Compute-in-Memory Upside Down: A Learning Operator Co-Design Perspective for Scalability

Shamma Nasrin, Priyesh Shukla, Shruthi Jaisimha and Amit Ranjan Trivedi
Department of Electrical and Computer Engineering, University of Illinois at Chicago

ABSTRACT


This paper discusses the potential of modelhardware co-design to simplify the implementation complexity of compute-in-SRAM deep learning considerably. Although compute-in-SRAM has emerged as a promising approach to improve the energy efficiency of DNN processing, current implementations suffer due to complex and excessive mixedsignal peripherals, such as the need for parallel digital-toanalog converters (DACs) at each input port. Comparatively, our approach inherently obviates complex peripherals by codesigning learning operators to SRAM’s operational constraints. For example, our co-designed implementation is DAC-free even for multibit precision DNN processing. Additionally, we also discuss the interaction of our compute-in-SRAM operator with Bayesian inference of DNNs. We show a synergistic interaction of Bayesian inference with our framework, where Bayesian methods allow achieving similar accuracy with much smaller network size.
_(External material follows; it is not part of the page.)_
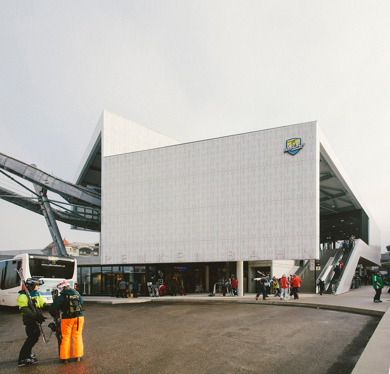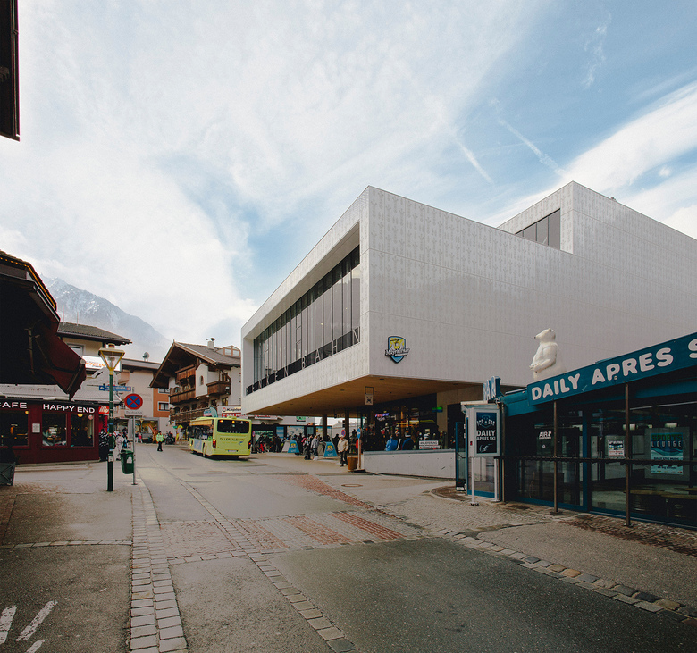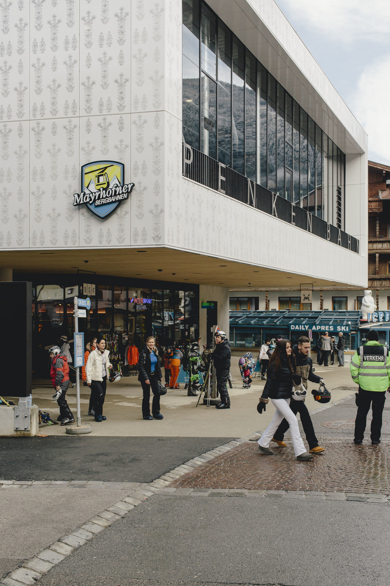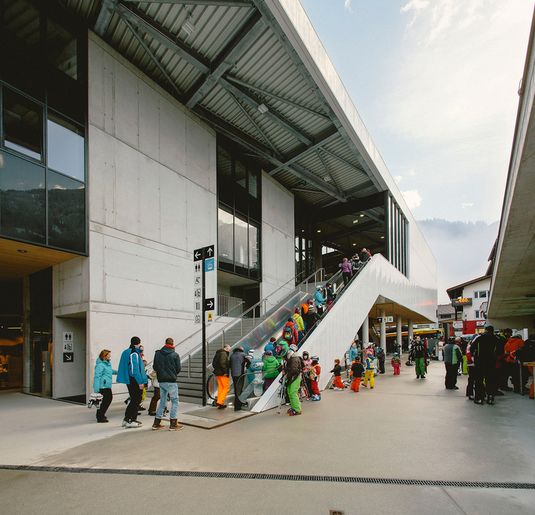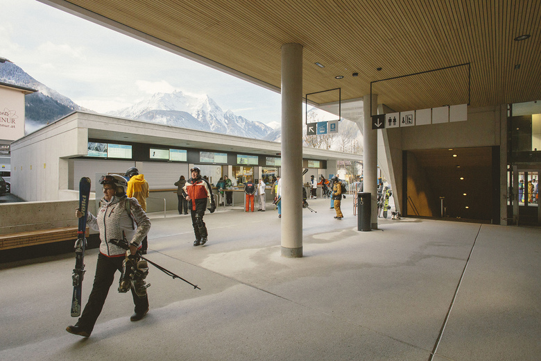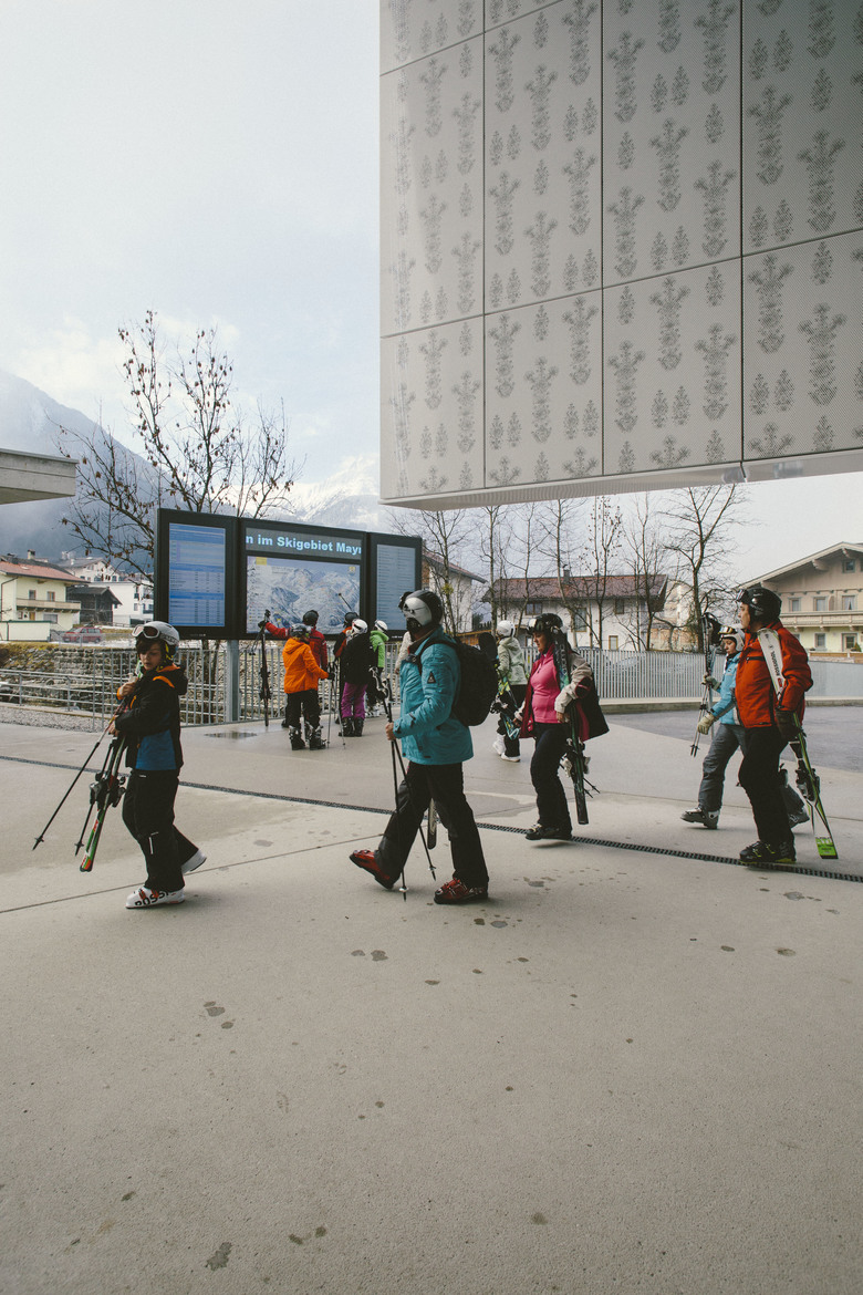 Erfreulich ist das quirlige Leben, das die Talstation im öffentlichen Raum wie von selbst bewirkt. Kein öder Parkplatz, der üblicherweise wie das Fegefeuer vor dem Skiparadies liegt. Wir finden uns mitten im Wintersportort. Allerdings auch eine Beengung von allen Seiten. Das Programm ist ein sehr großes, kaum beherrschbares Volumen, und weitgehend festgelegte Funktionsabläufe.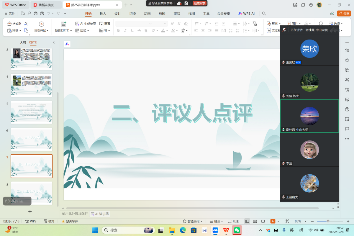 三位博士生依次做学术分享。首先是贾冰雪博士带来的《<异兽志>英译本海外读者接受研究——基于Python数据分析技术》主题汇报。第二位是朱玉博士发言,汇报题目是《基于译者行为批评理论的LLM翻译提示框架构建与实证研究》。第三位是Tuliakova Polina博士就On the Dissemination and Acceptance of the Translation of Liu Cixin’s The Three-Body Problem in Russia进行主题汇报。

Although each iteration of sample-based Bayesian inference is computationally expensive, the cost is minimized by our computein- SRAM approach. Meanwhile, by reducing the network size, Bayesian methods reduce the footprint cost of compute-in-SRAM implementation, which is a crucial concern for the method. We characterize this interaction for deep learning-based pose (position and orientation) estimation for a drone.

Keywords: Deep neural networks, Compute-in-memory, Pose-estimation, Nanodrone.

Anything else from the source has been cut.